▸ **Information provided**
────────────────────────────────────────

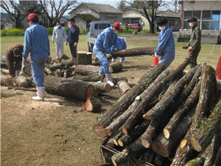 まずは、チェーンソーで約100~120cmほどの長さに切り、リヤカーで運搬します。
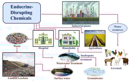 EDCs enter the environment through numerous sources. Some originate from excreta, such as feces and urine, produced after the ingestion of drugs and their metabolites by humans, livestock, or aquatic organisms [25,26]. Others are released from industrial activities, agricultural runoff, sewage irrigation, medical wastewater, and landfill leachate [27,28]. These substances ultimately contaminate surface water and groundwater, posing a significant threat to environmental and public health. Additionally, through multimedia transfer, these contaminants can enter the food web, particularly bioaccumulative compounds, which pose further risks to human health as they accumulate in the tissues of organisms.
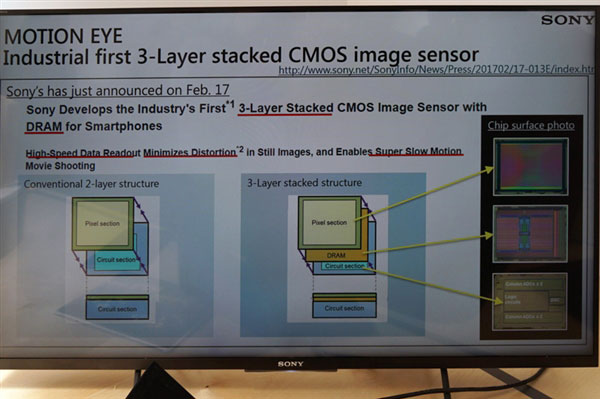 据介绍,索尼这种三层堆叠式传感器是基于传统CMOS传感器进行改进,在像素层和信号处理电路层之间又加入了一层DRAM。从而让传感器获得高速读取的能力,从而在拍摄快速移动物体时能够更加从容,有效的减少拍摄时所产生的焦平面失真现象。
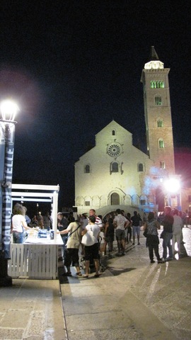 Sotto le stelle e sotto qualche nuvola che di minaccioso aveva ben poco si è svolta ancora una volta l'edizione di Calici di Stelle. Alle ore 21 la manifestazione ha avuto il via dallo spettacolo in piazza Duomo della compagnia U'Munacidde che ha dato vita ad una rivisitazione di Trani a go go, famosa canzone di Giorgio Gaber che richiama le taverne degli anni sessanta.
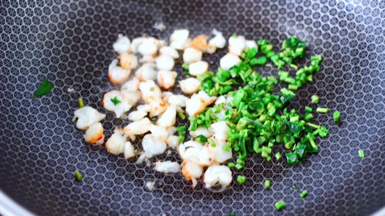 5. 捞出沥干水分后,用刀切碎,虾尾最后留着点缀饭团。
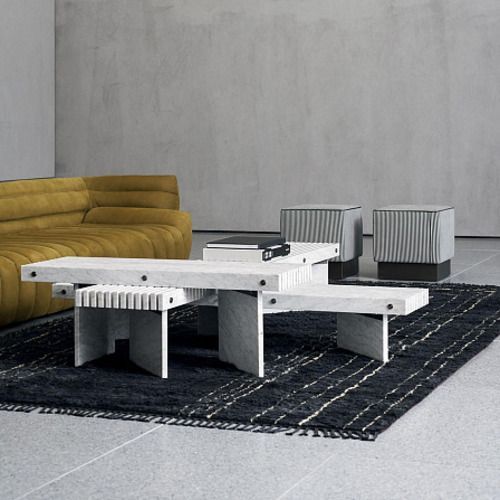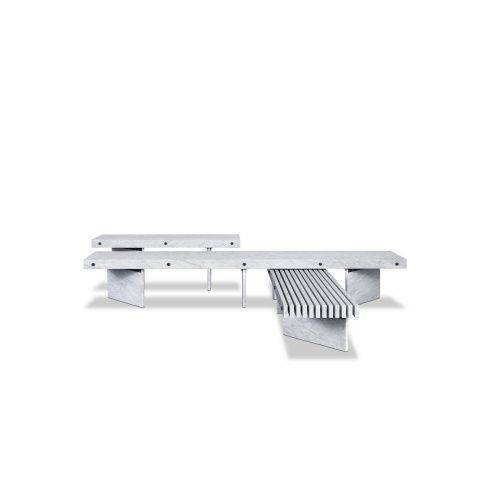 Модульный прикроватный столик Rail. Мраморные ножки соединены сверху с помощью соединений из полированной латуни. Верх составлен полосами из мрамора толщиной 2 см, высотой 6 см, соединенными балками из полированной латуни. Столешница доступна в мраморе Bianco Gioia.
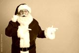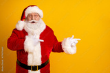 Santa Claus in a red suit with white fur points at the camera against a bright yellow background perfect for Christmas season and holiday promotions

────────────────────────────────────────

▸ **To do**
Please restate all of the listing above word for word, with no pictures.

▸ **Task response**
 まずは、チェーンソーで約100~120cmほどの長さに切り、リヤカーで運搬します。
 EDCs enter the environment through numerous sources. Some originate from excreta, such as feces and urine, produced after the ingestion of drugs and their metabolites by humans, livestock, or aquatic organisms [25,26]. Others are released from industrial activities, agricultural runoff, sewage irrigation, medical wastewater, and landfill leachate [27,28]. These substances ultimately contaminate surface water and groundwater, posing a significant threat to environmental and public health. Additionally, through multimedia transfer, these contaminants can enter the food web, particularly bioaccumulative compounds, which pose further risks to human health as they accumulate in the tissues of organisms.
 据介绍,索尼这种三层堆叠式传感器是基于传统CMOS传感器进行改进,在像素层和信号处理电路层之间又加入了一层DRAM。从而让传感器获得高速读取的能力,从而在拍摄快速移动物体时能够更加从容,有效的减少拍摄时所产生的焦平面失真现象。
 Sotto le stelle e sotto qualche nuvola che di minaccioso aveva ben poco si è svolta ancora una volta l'edizione di Calici di Stelle. Alle ore 21 la manifestazione ha avuto il via dallo spettacolo in piazza Duomo della compagnia U'Munacidde che ha dato vita ad una rivisitazione di Trani a go go, famosa canzone di Giorgio Gaber che richiama le taverne degli anni sessanta.
 5. 捞出沥干水分后,用刀切碎,虾尾最后留着点缀饭团。
 Модульный прикроватный столик Rail. Мраморные ножки соединены сверху с помощью соединений из полированной латуни. Верх составлен полосами из мрамора толщиной 2 см, высотой 6 см, соединенными балками из полированной латуни. Столешница доступна в мраморе Bianco Gioia.
 Santa Claus in a red suit with white fur points at the camera against a bright yellow background perfect for Christmas season and holiday promotions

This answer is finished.